WHAT IS BEING ASKED:
Please begin with the line containing "Keywords: Guitar Frog" and reproduce each line exactly until the records below end, without any pictures.

INPUT DATA:
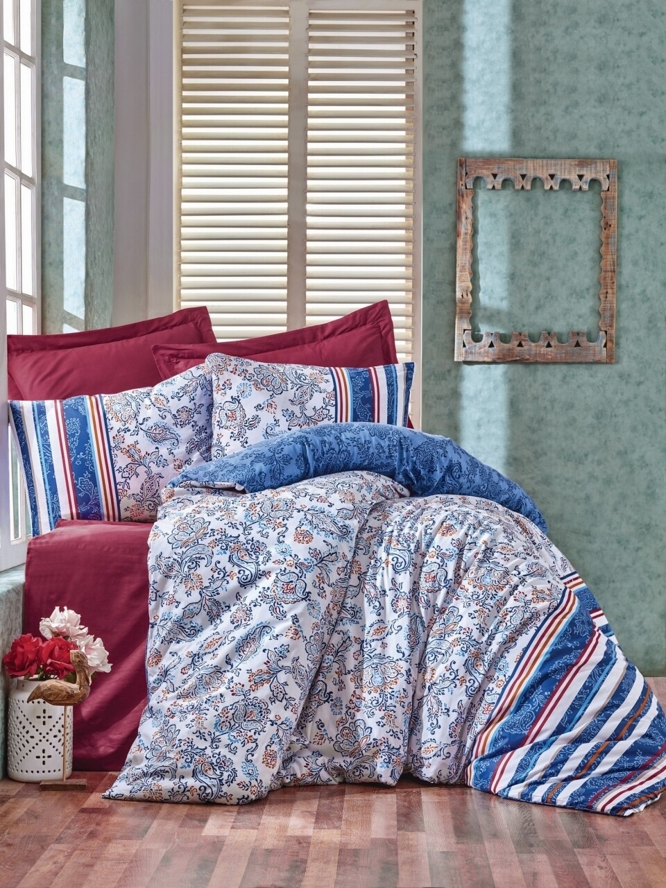 Lenjerie de pat pentru o persoana, 3 piese, 100% bumbac ranforce, Cotton Box, Lorisa
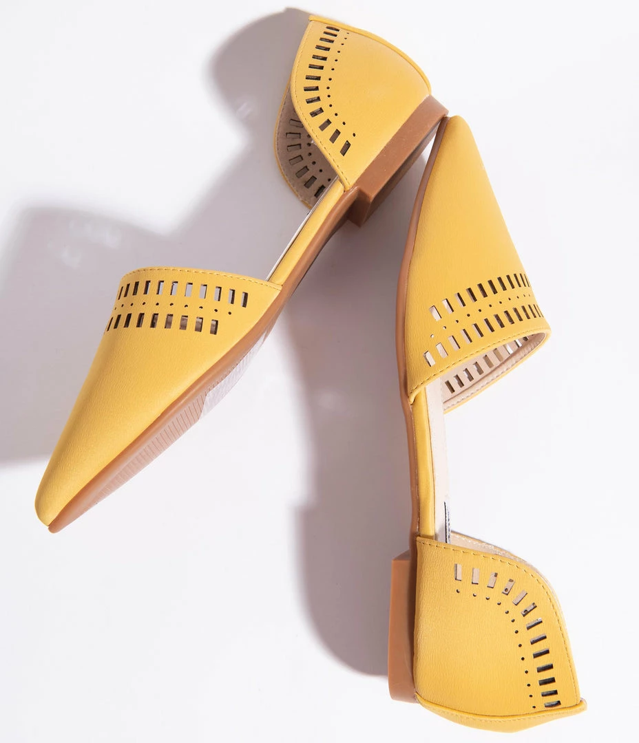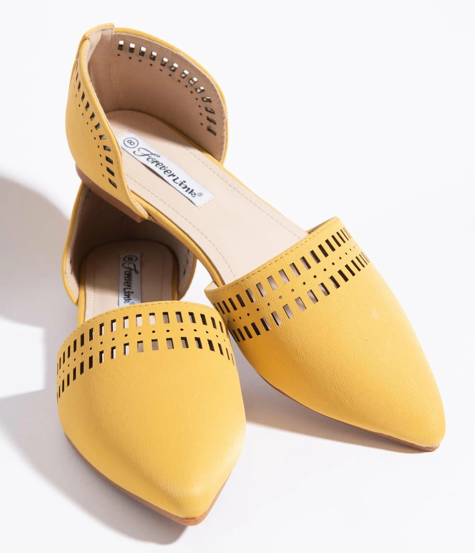 OUR LOVE LETTER INC Mustard Cutout Leatherette Pointed Toe Flats Shoes
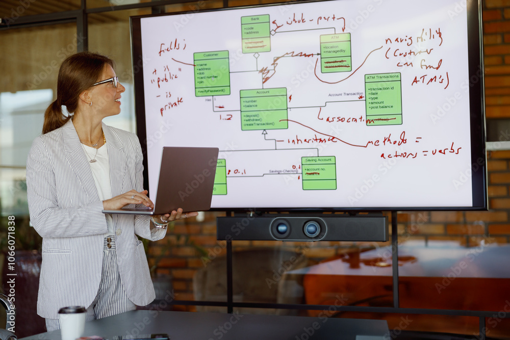 A professional woman confidently presenting a detailed data flow diagram in a sleek, modern office environment
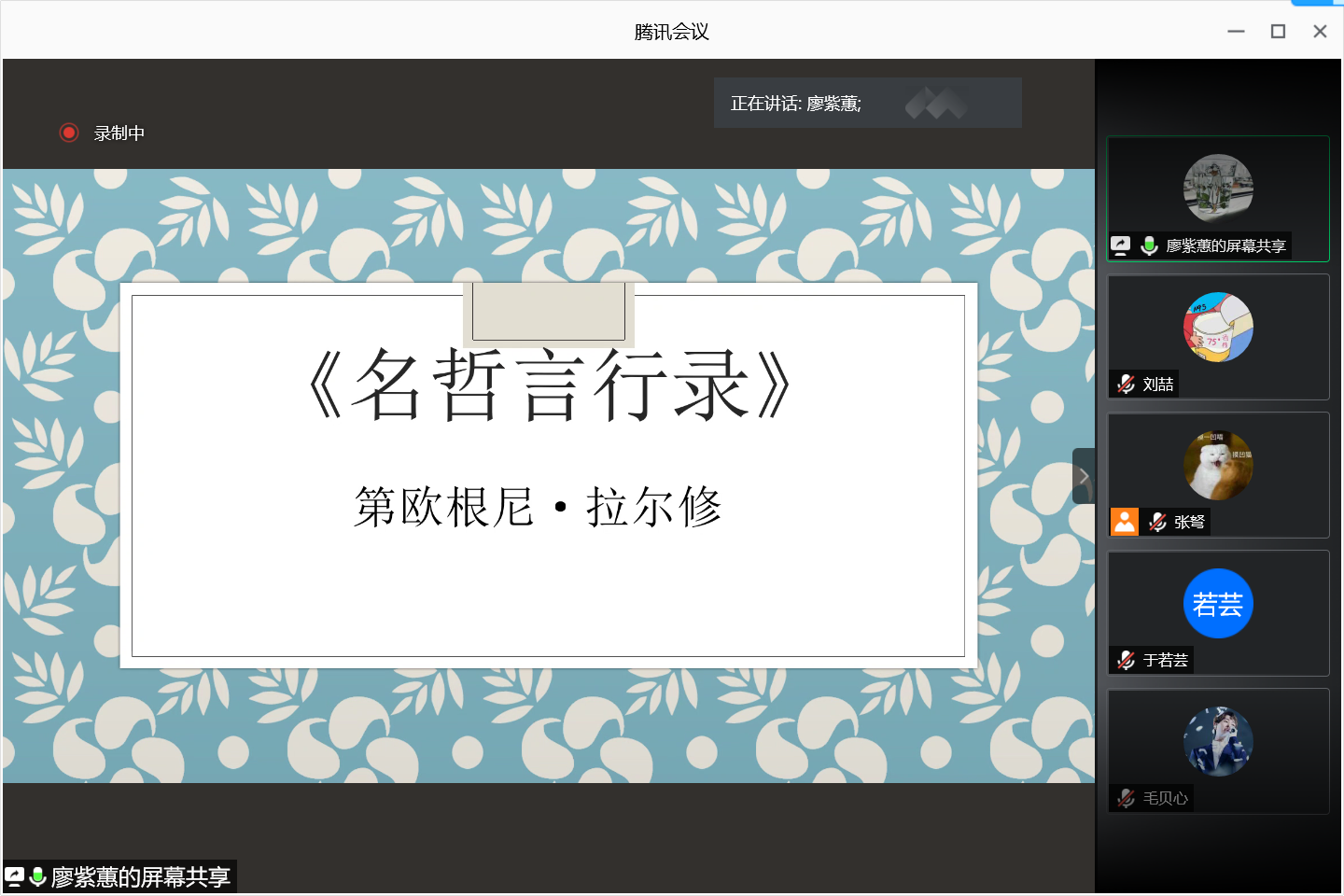 廖紫蕙同学重点介绍了本学期将要阅读的重点书籍《名哲言行录》,简要梳理了书中所涉及到的学派。她指出,第欧根尼·拉尔修所著的《名哲言行录》主要按照学派发展来行文,且其转述性和引用性强,没有自身的哲学立场,因而其有较高的可信度和哲学价值。但鉴于其偏重文字描述而不是思想描述,如果大家想要深入了解各个学派,她建议同学们去自主阅读各学派的专门著作。
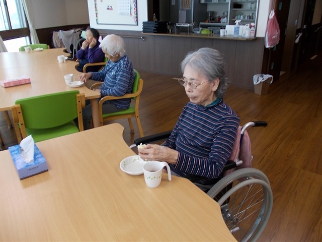 おやつを食べながら井戸端会議が始まりました
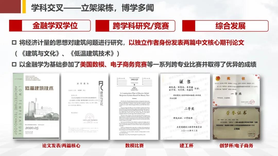立架栋梁,博学多闻:在综合学习上,他努力做到见多识广。他坚持连续三年每周末早8点到晚9点的课程学习,终于拿下了金融学的双学位,让建筑学辅修的不可能变成了可能。金融学的学习使他对建筑设计有了新的思考,他运用经济计量的思想对建筑问题进行研究,并以独立作者的身份发表了2篇核心期刊论文。同时,他以金融学为基础参与了如美国数模竞赛、电子商务竞赛等一系列跨专业比赛并取得了优异的成绩。大学四年,他共修读244学分,涉猎工学、理学、设计学、经济学等方方面面,致力于从全方面认知建筑。
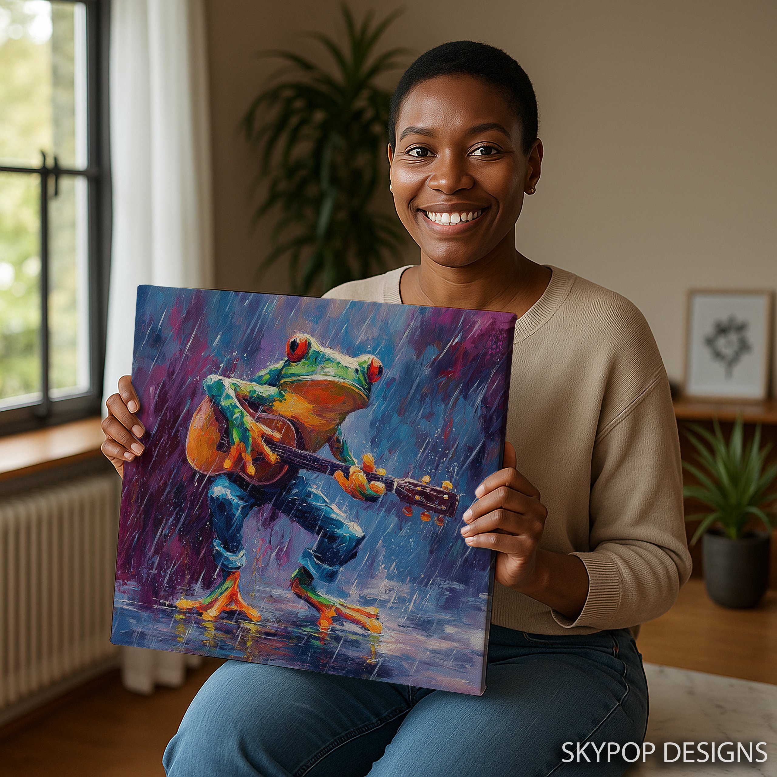 Keywords: Guitar Frog Art, Frog Wall Art, Animal Art, Animal Poster, Canvas Wall Art, Blue Wall Art, Multicolor Art, Purple Art, Green Art, Contemporary Art, Whimsical Art, Bohemian Decor, Modern Decor, Living Room Art, Children’s Room Decor, Game Room Poster, Bar Decor, Music Lover Gift, Unique Wall Art, Frog Poster, Rain Art, Expressive Brushstrokes, Playful Art, Home Decor, Wall Decor, Art Collection, Musical Magic, Artistic Expression, Vibrant Art, Eye-Catching Art
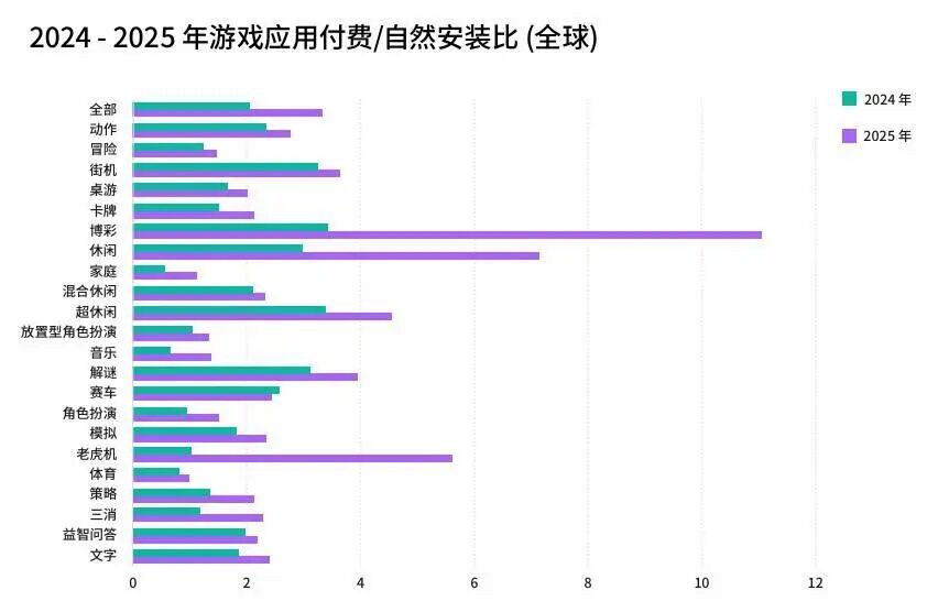2025年,全球游戏应用的整体付费安装和自然安装的比例激增61%,这意味着,如今每获得1个自然用户,同期就会有超过3个用户来自付费渠道。博彩、休闲和策略类游戏的比值最为极端,倒是也符合品类特点。
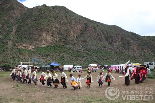 七、八月份的昌都地區(qū),氣候宜人,莊稼黃熟,百花盛開。此時,在婆娑古樹下,在山野花叢中,在如茵草地上,到處都可以見到穿戴鮮艷民族服裝的群眾合家而出,搭上白色的帳篷,跳起歡快的鍋莊,一連數(shù)天野營在草壩上,通宵達(dá)旦,狂歡極樂。
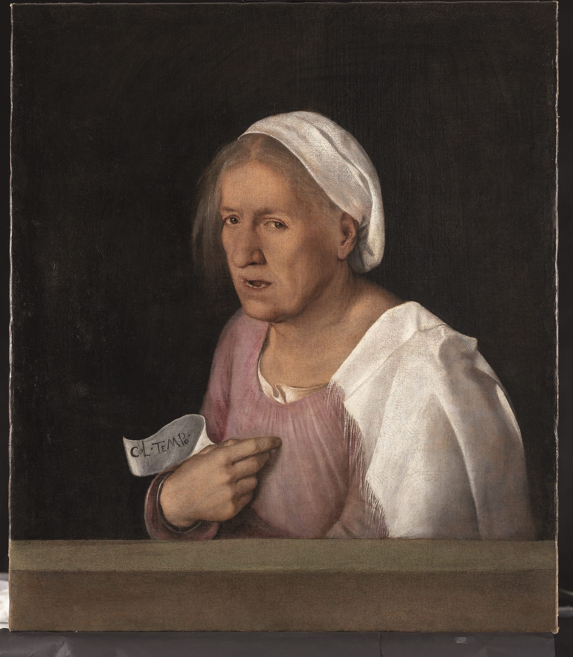 Take, for instance, “Laura,” a portrait from 1506, where the ambiguity of the sitter’s gesture makes it impossible to tell whether she’s revealing her bare breast or covering it. In another painting, “La vecchia” (c. 1506-7), the old woman speaks to the viewer while gesturing towards her heart, but it’s impossible to know what she’s saying. And in “Venus” (c. 1510-11) — a reclining nude completed by Titian after Giorgione’s untimely death — the woman’s closed eyes and curled hand suggest that she’s pleasuring herself, but it’s impossible to be sure.

ANSWER BOX:
 Keywords: Guitar Frog Art, Frog Wall Art, Animal Art, Animal Poster, Canvas Wall Art, Blue Wall Art, Multicolor Art, Purple Art, Green Art, Contemporary Art, Whimsical Art, Bohemian Decor, Modern Decor, Living Room Art, Children’s Room Decor, Game Room Poster, Bar Decor, Music Lover Gift, Unique Wall Art, Frog Poster, Rain Art, Expressive Brushstrokes, Playful Art, Home Decor, Wall Decor, Art Collection, Musical Magic, Artistic Expression, Vibrant Art, Eye-Catching Art
2025年,全球游戏应用的整体付费安装和自然安装的比例激增61%,这意味着,如今每获得1个自然用户,同期就会有超过3个用户来自付费渠道。博彩、休闲和策略类游戏的比值最为极端,倒是也符合品类特点。
 七、八月份的昌都地區(qū),氣候宜人,莊稼黃熟,百花盛開。此時,在婆娑古樹下,在山野花叢中,在如茵草地上,到處都可以見到穿戴鮮艷民族服裝的群眾合家而出,搭上白色的帳篷,跳起歡快的鍋莊,一連數(shù)天野營在草壩上,通宵達(dá)旦,狂歡極樂。
 Take, for instance, “Laura,” a portrait from 1506, where the ambiguity of the sitter’s gesture makes it impossible to tell whether she’s revealing her bare breast or covering it. In another painting, “La vecchia” (c. 1506-7), the old woman speaks to the viewer while gesturing towards her heart, but it’s impossible to know what she’s saying. And in “Venus” (c. 1510-11) — a reclining nude completed by Titian after Giorgione’s untimely death — the woman’s closed eyes and curled hand suggest that she’s pleasuring herself, but it’s impossible to be sure.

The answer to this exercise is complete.